• PROMPT:
Pictures aside, can you reproduce the records word for word?

• PROVIDED MATERIAL:
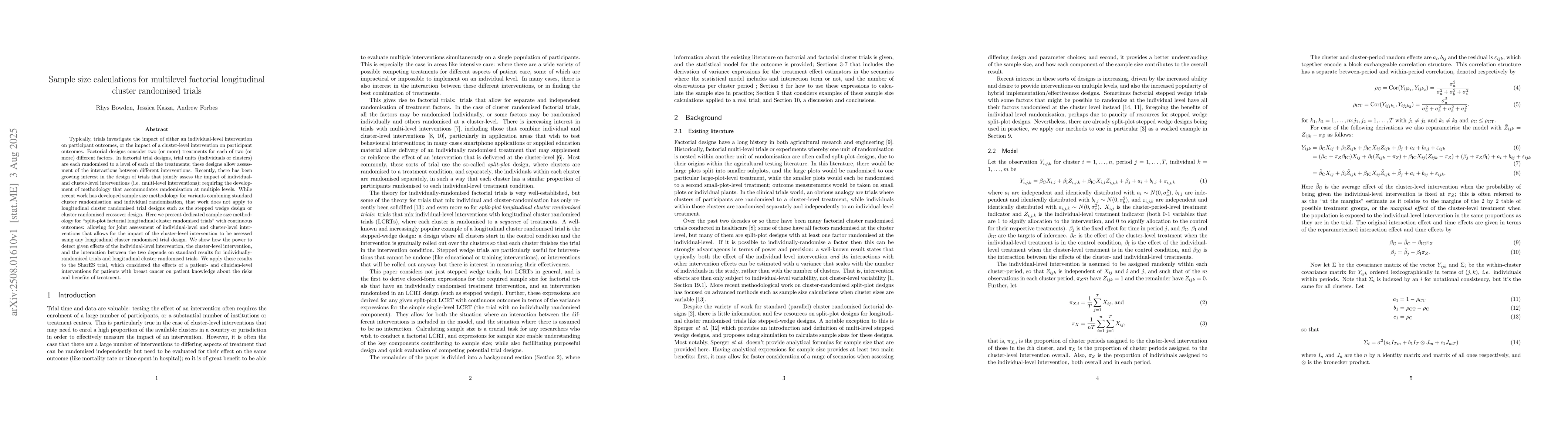 Typically, trials investigate the impact of either an individual-level intervention on participant outcomes, or the impact of a cluster-level intervention on participant outcomes. Factorial designs consider two (or more) treatments for each of two (or more) different factors. In factorial trial designs, trial units (individuals or clusters) are each randomised to a level of each of the treatments; these designs allow assessment of the interactions between different interventions. Recently, there has been growing interest in the design of trials that jointly assess the impact of individual- and cluster-level interventions (i.e. multi-level interventions); requiring the development of methodology that accommodates randomisation at multiple levels. While recent work has developed sample size methodology for variants combining standard cluster randomisation and individual randomisation, that work does not apply to longitudinal cluster randomised trial designs such as the stepped wedge design or cluster randomised crossover design. Here we present dedicated sample size methodology for "split-plot factorial longitudinal cluster randomised trials" with continuous outcomes: allowing for joint assessment of individual-level and cluster-level interventions that allows for the impact of the cluster-level intervention to be assessed using any longitudinal cluster randomised trial design. We show how the power to detect given effects of the individual-level intervention, the cluster-level intervention, and the interaction between the two depends on standard results for individually-randomised trials and longitudinal cluster randomised trials. We apply these results to the SharES trial, which considered the effects of a patient- and clinician-level interventions for patients with breast cancer on patient knowledge about the risks and benefits of treatment.
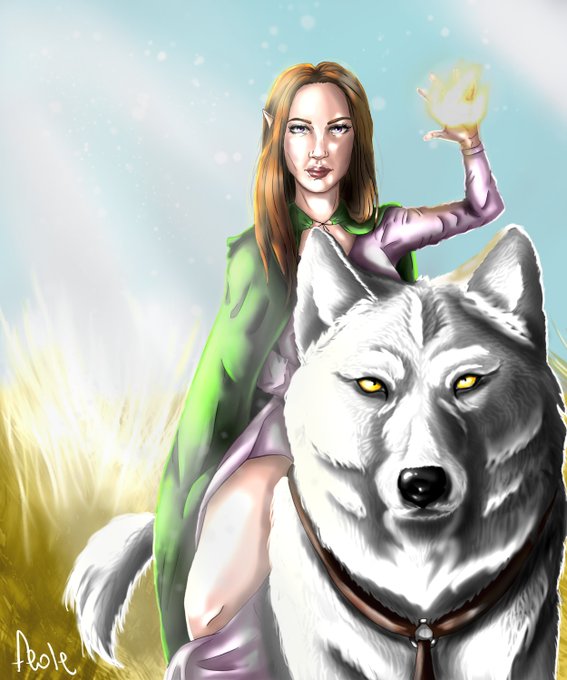 I finished it! She's Ylrielle, @Debinthedas' OC from #PathfinderWotR  with her majestic companion, Snouty 😍 Ylrielle is a half-elf sylvan sorcerer and I love her 😍
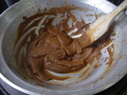 ミートソースは、牛挽肉、豚挽肉だけでなく、小麦粉を油でいためて作ったブラウンルウを入れて煮込みました。クリームシチューのホワイトルウは、焦がさない様に白く仕上げましたが、ブラウンルウはしっかり褐色になるまで炒めました。とてもおいしいミートソースに仕上がりました。
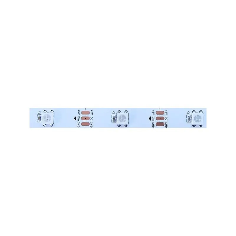 LED traka duljine 1 metar s 30 WS2812B RGB LEDica (poznate i kao NeoPixel) koje je moguće pojedinačno kontrolirati - ovo je digitalna traka s adresiranjem svake pojedine LEDice čija boja se kontrolira s 8-bitnom PWM preciznošću (24-bitna boja). Traka je napravljena od bijelog fleksibilnog PCB materijala bez dodatne zaštite (nije za vanjsku upotrebu). Prodaja po metru, maksimalno 5 m u komadu.
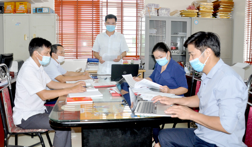 Đoàn kiểm tra của Ban Thường vụ Huyện ủy Hàm Yên kiểm tra tại Chi bộ Phòng Nông nghiệp và Phát triển nông thôn.
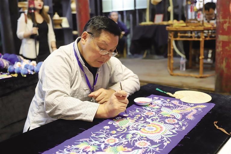 館內(nèi),游客絡(luò)繹不絕。國家級(jí)非遺項(xiàng)目湘西苗畫國家級(jí)代表性傳承人梁德頌埋頭作畫。只見他用一支小楷筆在深紫色的布料上筆走龍蛇。“我畫了50多年苗畫了,早已在心中打好草稿了。”他笑著說。畫里,龍飛鳳舞,喜鵲翻飛,色彩極盡艷麗。
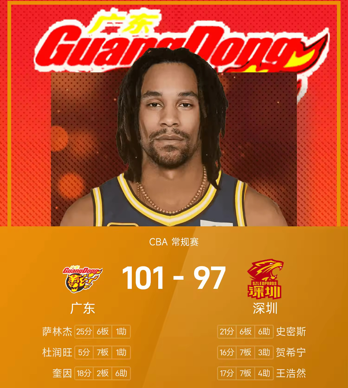 广东德比4分险胜!萨林杰25分统治内线,广东101-97力克深圳守住连胜广东男篮深圳男篮广东德比CBA战报萨林杰徐杰

• PROBLEM SOLUTION:
 Typically, trials investigate the impact of either an individual-level intervention on participant outcomes, or the impact of a cluster-level intervention on participant outcomes. Factorial designs consider two (or more) treatments for each of two (or more) different factors. In factorial trial designs, trial units (individuals or clusters) are each randomised to a level of each of the treatments; these designs allow assessment of the interactions between different interventions. Recently, there has been growing interest in the design of trials that jointly assess the impact of individual- and cluster-level interventions (i.e. multi-level interventions); requiring the development of methodology that accommodates randomisation at multiple levels. While recent work has developed sample size methodology for variants combining standard cluster randomisation and individual randomisation, that work does not apply to longitudinal cluster randomised trial designs such as the stepped wedge design or cluster randomised crossover design. Here we present dedicated sample size methodology for "split-plot factorial longitudinal cluster randomised trials" with continuous outcomes: allowing for joint assessment of individual-level and cluster-level interventions that allows for the impact of the cluster-level intervention to be assessed using any longitudinal cluster randomised trial design. We show how the power to detect given effects of the individual-level intervention, the cluster-level intervention, and the interaction between the two depends on standard results for individually-randomised trials and longitudinal cluster randomised trials. We apply these results to the SharES trial, which considered the effects of a patient- and clinician-level interventions for patients with breast cancer on patient knowledge about the risks and benefits of treatment.
 I finished it! She's Ylrielle, @Debinthedas' OC from #PathfinderWotR  with her majestic companion, Snouty 😍 Ylrielle is a half-elf sylvan sorcerer and I love her 😍
 ミートソースは、牛挽肉、豚挽肉だけでなく、小麦粉を油でいためて作ったブラウンルウを入れて煮込みました。クリームシチューのホワイトルウは、焦がさない様に白く仕上げましたが、ブラウンルウはしっかり褐色になるまで炒めました。とてもおいしいミートソースに仕上がりました。
 LED traka duljine 1 metar s 30 WS2812B RGB LEDica (poznate i kao NeoPixel) koje je moguće pojedinačno kontrolirati - ovo je digitalna traka s adresiranjem svake pojedine LEDice čija boja se kontrolira s 8-bitnom PWM preciznošću (24-bitna boja). Traka je napravljena od bijelog fleksibilnog PCB materijala bez dodatne zaštite (nije za vanjsku upotrebu). Prodaja po metru, maksimalno 5 m u komadu.
 Đoàn kiểm tra của Ban Thường vụ Huyện ủy Hàm Yên kiểm tra tại Chi bộ Phòng Nông nghiệp và Phát triển nông thôn.
 館內(nèi),游客絡(luò)繹不絕。國家級(jí)非遺項(xiàng)目湘西苗畫國家級(jí)代表性傳承人梁德頌埋頭作畫。只見他用一支小楷筆在深紫色的布料上筆走龍蛇。“我畫了50多年苗畫了,早已在心中打好草稿了。”他笑著說。畫里,龍飛鳳舞,喜鵲翻飛,色彩極盡艷麗。
 广东德比4分险胜!萨林杰25分统治内线,广东101-97力克深圳守住连胜广东男篮深圳男篮广东德比CBA战报萨林杰徐杰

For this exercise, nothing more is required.